Support JWST and Roman by icweaver · Pull Request #25 · JuliaAstro/ASDF.jl

icweaver · 2026-03-21T11:38:34Z

Hey folks, these are a few toggles I added to try and support some of the quirks I ran into "out in the wild". I've split them into the following three commits:

Don't choke on unknown tags: dc40329
1. This just provides a fallback for STScI's many asdf tags. Could be replaced by specific converters in the future.
2. Also adds a metadata tag and a newer ndarray-1.1.0 tag that Roman seems to use now.
3. This feature is behind an ASDF.load(<filename.asdf>; extensions = false) kwarg by default to preserve current behavior. Similar to the extensions kwarg in the Python impl.
Checksum or not to checksum: 56a8c33
1. Apparently some Roman data products store their file's checksum based on the uncompressed file instead of compressed (ASDF.jl's default). This breaks things.
2. Added a flag to get around this, similarly to the Python impl.
Blocks vs Frames: 0d425a0
1. Roman seems to use the block layout for their Lz4 compression, instead of frame. This adds support for both, and automatically handles it using magic numbers.

Usage examples:

JWST
Roman

Does this seem reasonable to folks? I'd especially appreciate feedback for the last point, which I have little experience in and relied heavily on Claude for to come up with the needed incantations.

To-do

Add tests for item 3 if we end up sticking with an impl like this
Add Lz4 frame/block write option

…r Roman)

codecov · 2026-03-21T11:39:50Z

Codecov Report

❌ Patch coverage is 98.11321% with 1 line in your changes missing coverage. Please review.
✅ Project coverage is 95.54%. Comparing base (c6f56b0) to head (e5b6bd4).

Files with missing lines	Patch %	Lines
src/ASDF.jl	98.11%	1 Missing ⚠️

Additional details and impacted files

@@            Coverage Diff             @@
##             main      #25      +/-   ##
==========================================
+ Coverage   95.28%   95.54%   +0.26%     
==========================================
  Files           1        1              
  Lines         318      359      +41     
==========================================
+ Hits          303      343      +40     
- Misses         15       16       +1

☔ View full report in Codecov by Sentry.
📢 Have feedback on the report? Share it here.

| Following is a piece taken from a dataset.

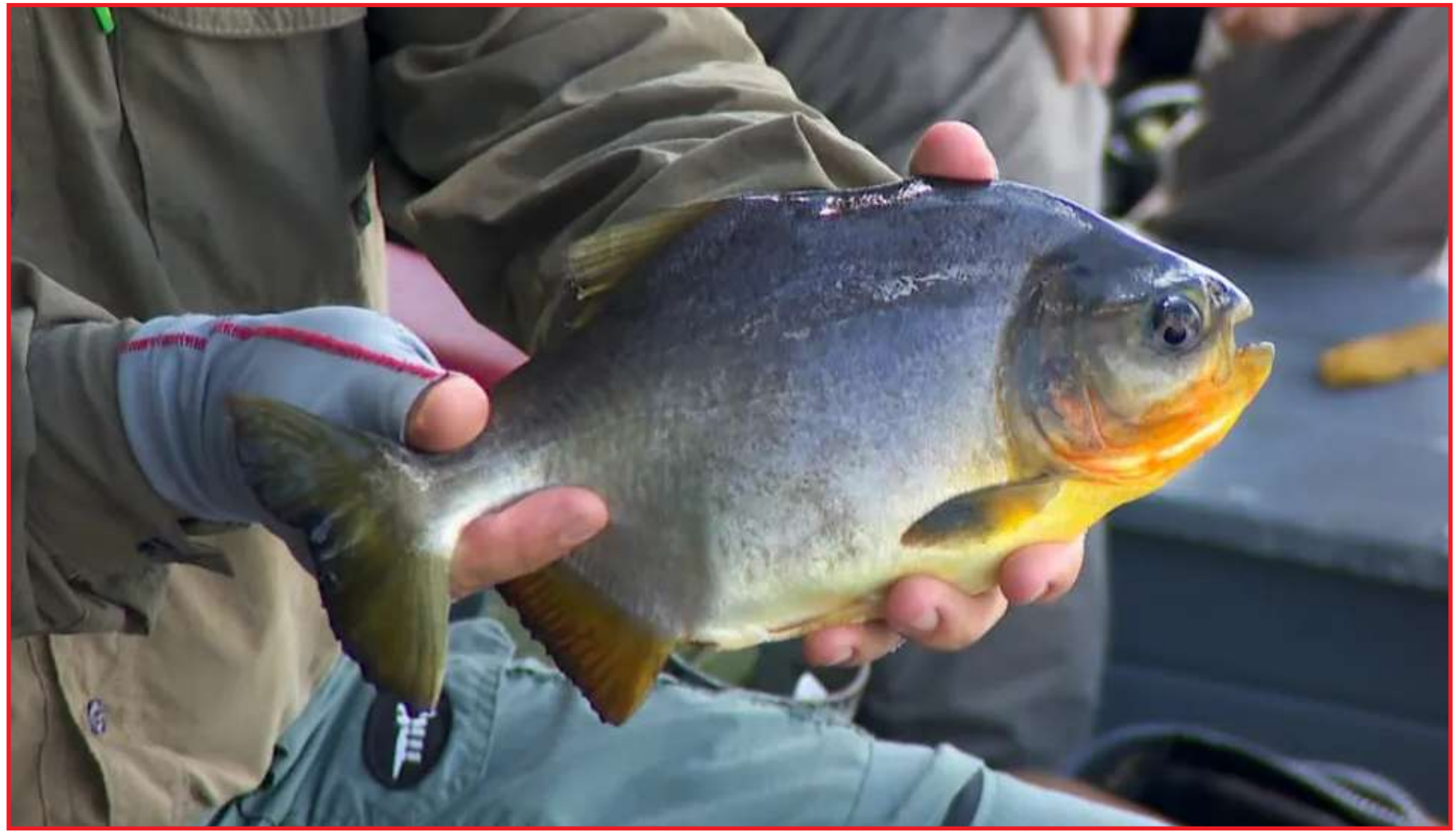
Peixes de água doce possuem uma grande concentração de Ômega 3 e nutrientes

a inclusão desses peixes na dieta pode ser benéfica até economicamente, já que, de acordo com a Associação Mato-grossense de Piscicultores (Aquamat), escolher a Tambatinga, por exemplo, pode resultar em uma economia de até 60%. Em comparação, o valor do filé de salmão atinge o valor de R$ 135 por quilo.

🚀 New features to boost your workflow:

❄️ Test Analytics: Detect flaky tests, report on failures, and find test suite problems.

eschnett · 2026-03-21T15:47:06Z

src/ASDF.jl

+        data[3] == 0x4D && data[4] == 0x18)
+        return decode(LZ4FrameCodec(), data)
+    else
+        # If the data was originally created from Python's ASDF, then it will be in block instead of frame layout,


Can we also produce the block layout? Should we? Can Python handle the frame layout?

Thanks for reminding me, will add that in. Looks like they can, but as a plug-in https://github.com/asdf-format/asdf-compression

Added in e012b21

There is a layout option for NDArrayWrapper now to flip between frame and block. Does that seem like a reasonable place to control things? I guess it doesn't really make sense for other compression schemes, so I just set the default layout as default

I don't love from a maintainability point of view that there is now a hand-rolled Lz4-specific encode and decode path to accommodate Python's asdf scheme. There's also the matter of compatibility with Lz4 frame support on the Python side, but since that's still an experimental plugin, maybe that can be a problem for future us to deal with.

I am now squarely out of my comfort zone and would gladly accept any suggestions for simplifying things, haha. Thanks again for taking a look!

If this is only for lz4 then I would call it lz4_layout, with values :frame and :block. I am sure that other compression schemes will also want to have options in the future, e.g. specifying the compression level.

Sounds good, just renamed here e5b6bd4

eschnett · 2026-03-21T15:49:14Z

The checksum bit sounds weird. There is a standard for checksums, and THE major player in the field gets the implementation wrong? Does this make checksums useless in practice? Well, the world is what it is...

icweaver · 2026-03-21T20:44:37Z

Yea, the checksum bit was bothering me too. Here's what I am seeing for the sample Roman data I tried:

julia> using ASDF, MD5

julia> af = ASDF.load_file("docs/data/roman.asdf"; extensions = true);

julia> ndarray = af.metadata["roman"]["data"];

julia> header = ndarray.lazy_block_headers.block_headers[ndarray.source + 1]
ASDF.BlockHeader(IOStream(<file docs/data/roman.asdf>), 176347, UInt8[0xd3, 0x42, 0x4c, 0x4b], 0x0030, 0x00000000, UInt8[0x6c, 0x7a, 0x34, 0x00], 0x0000000003ffe53b, 0x0000000003ffe53b, 0x0000000003fc0100, UInt8[0xef, 0x4e, 0x63, 0x45, 0xc4, 0xd6, 0xcd, 0xa0, 0xed, 0x4d, 0x14, 0x27, 0x43, 0xa7, 0xb2, 0xbc], true)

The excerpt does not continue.